Yet not everyone has been lured into the warm-blooded camp. Even as the museum technicians were starting to hike up their fossils, a small but growing coterie of paleontologists and physiologists was preparing to launch an assault against the new vision of the extinct beasts. They began questioning the claims being drawn from the fossil evidence, searching for a truly incontestable mark of endothermy. So far, these revisionists have found, all the studies suggest that dinosaurs should go back to the ectothermic fold.

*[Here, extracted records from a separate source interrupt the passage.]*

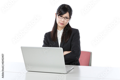 business, sweet, personal computer, woman, young, puzzle, light, pretty, japanese, beauty, table, seat, clean, office, meeting, work, long hair, impatience, white background, salaried employee, suit, black hair, cyberspace, asian, desk, notebook, contemplate, employee, corporation, thought, earnest, ponytail, problem, glasses, shirt
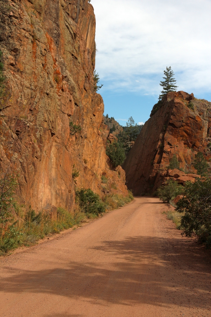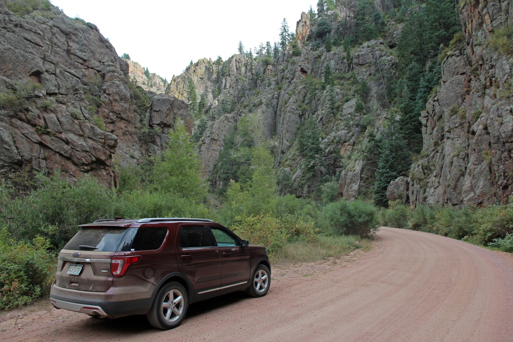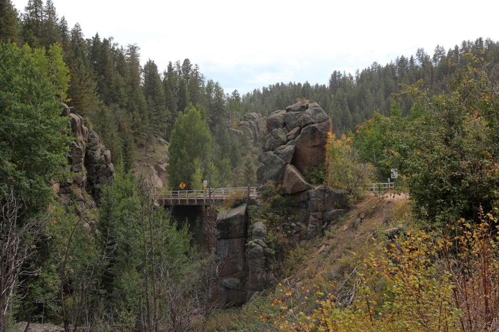 Nach der Rückkehr nach Victor fahren wir zur hier beginnenden Phantom Canyon Road. Diese Straße führt auf einer ehemaligen Eisenbahntrasse durch einen schönen Canyon. Zum Teil verläuft sie einspurig mit ziemlichen Abbrüchen am rechten Rand, die bei Marianne beinahe Panik auslösen. Trotzdem ist die Straße für mein Gefühl weit weniger spektakulär als viele Beschreibungen glauben machen. Da gibt es in den Alpen (und auch in den USA) aufregenderes. Insgesamt ist die Straße eigentlich gut zu fahren, nur im unteren Teil ist das Washboard stellenweise ziemlich ausgeprägt. Anders als in vielen Berichten zu lesen, ist man heute am Sonntag aber nicht alleine unterwegs, sondern es herrscht ziemlich viel Verkehr. Mein persönliches Fazit im "Michelin-Führer-Stil": einen Umweg wert (aber nicht: eine Reise wert).
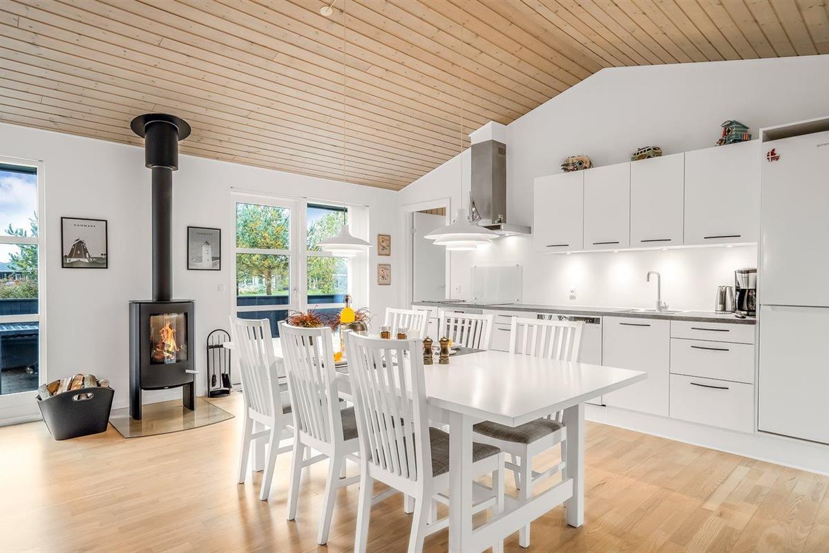 De keuken is uitgerust met koelkast Er is 4 inductiekookplaten, heteluchtoven, magnetron en vaatwasser.
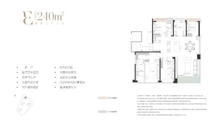 主力户型:建面约124–330㎡的3-5房大平层,精装交付标准超6000元/㎡,配备嘉格纳、杜拉维特、高仪等国际一线品牌,搭载五恒科技系统(恒温/恒湿/恒氧/恒洁/恒静)及华为鸿蒙智能家居。
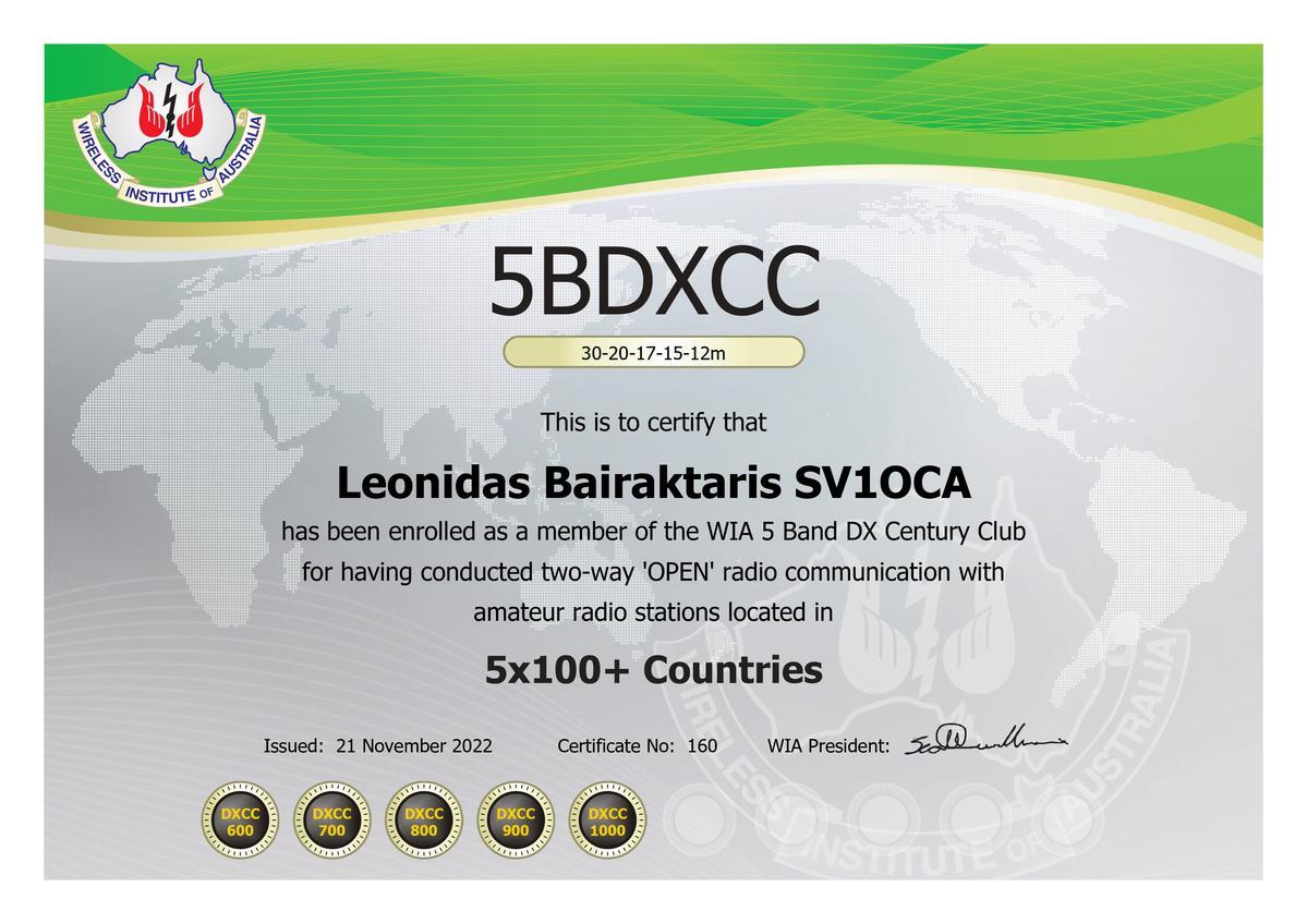 5BDXCC (Open) - 1067: 5ος στους εκτός Αυστραλίας (DXs), 5ος στην Ευρώπη και 1ος στην Ελλάδα σύμφωνα με WIA DX Awards Standings Lists:
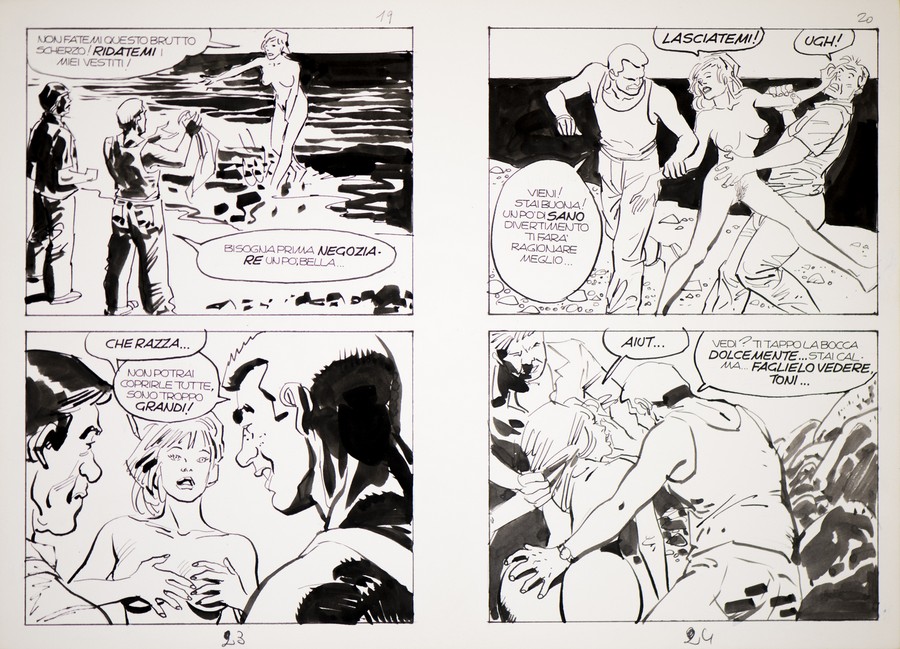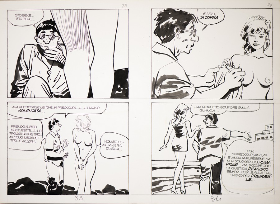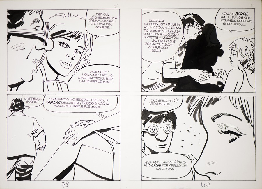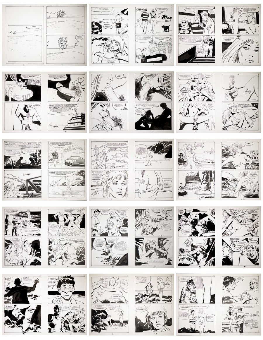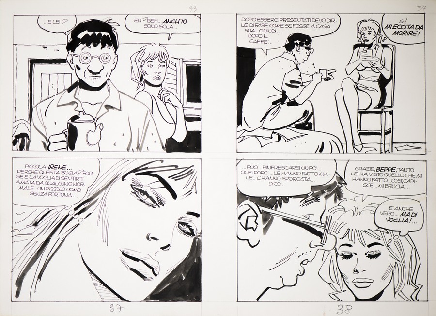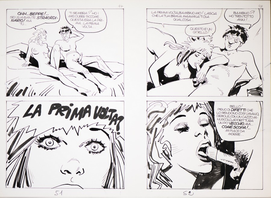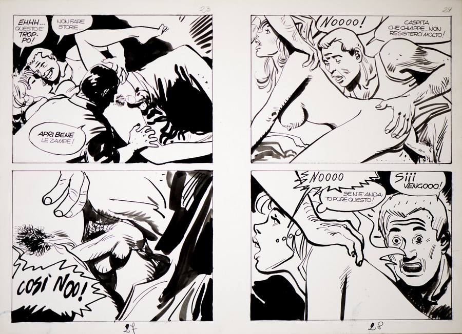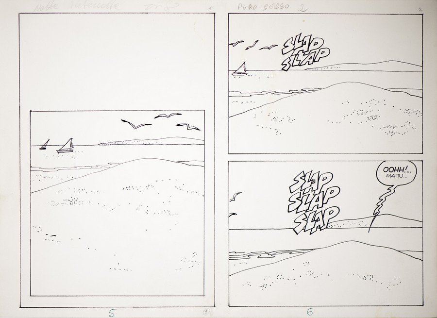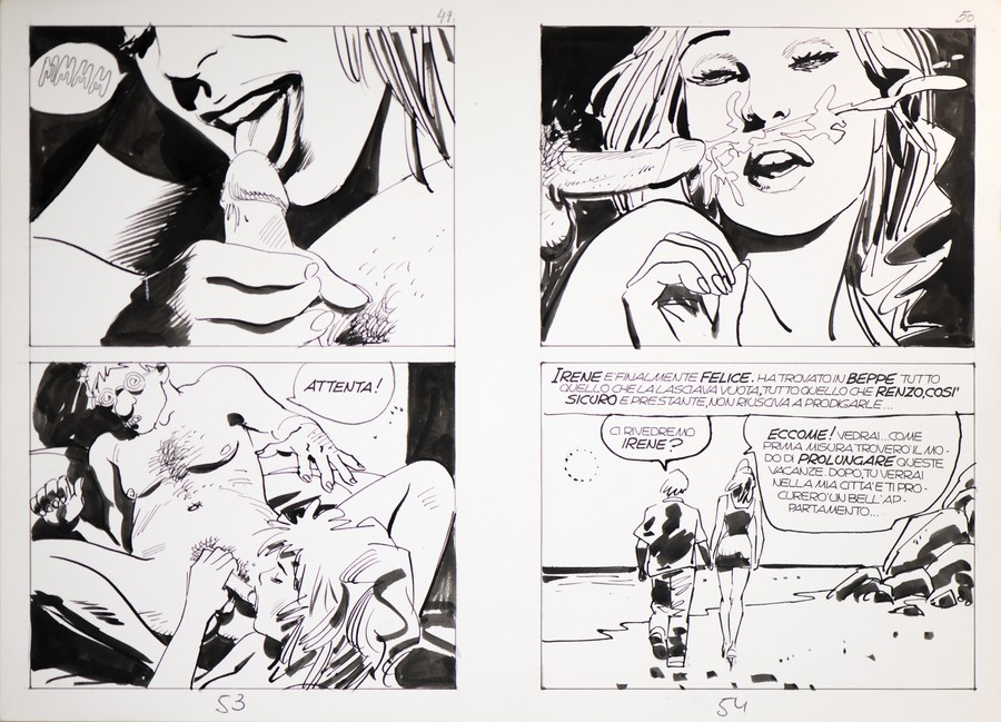 Trigo Gustavo PURO SESSO(STORIA EROTICA INTEGRALE PER ACME). 1986. China su carta. Cm 24,00 x 33,00. STORIA EROTICA COMPLETA SU TRENTA FOGLI DIVISI IN DUE PARTI E APPUNTI VARI

A lot of this business about warm-blooded dinosaurs was just blown way out of proportion, says Alan Feduccia, an evolutionary biologist at the University of North Carolina at Chapel Hill. It was just pure hype. So I applaud these new studies. Dinosaurs are beginning again to look like reptiles--although not your everyday ones. As Owerkowicz and crew are quick to point out, a reptilian metabolism is not an insult. Dinosaurs could still be very active and agile, especially the bipedal ones, says Owerkowicz, and they could have lots of interesting behaviors, just as in Jurassic Park. But no, I don’t think they would have steamed up the refrigerator.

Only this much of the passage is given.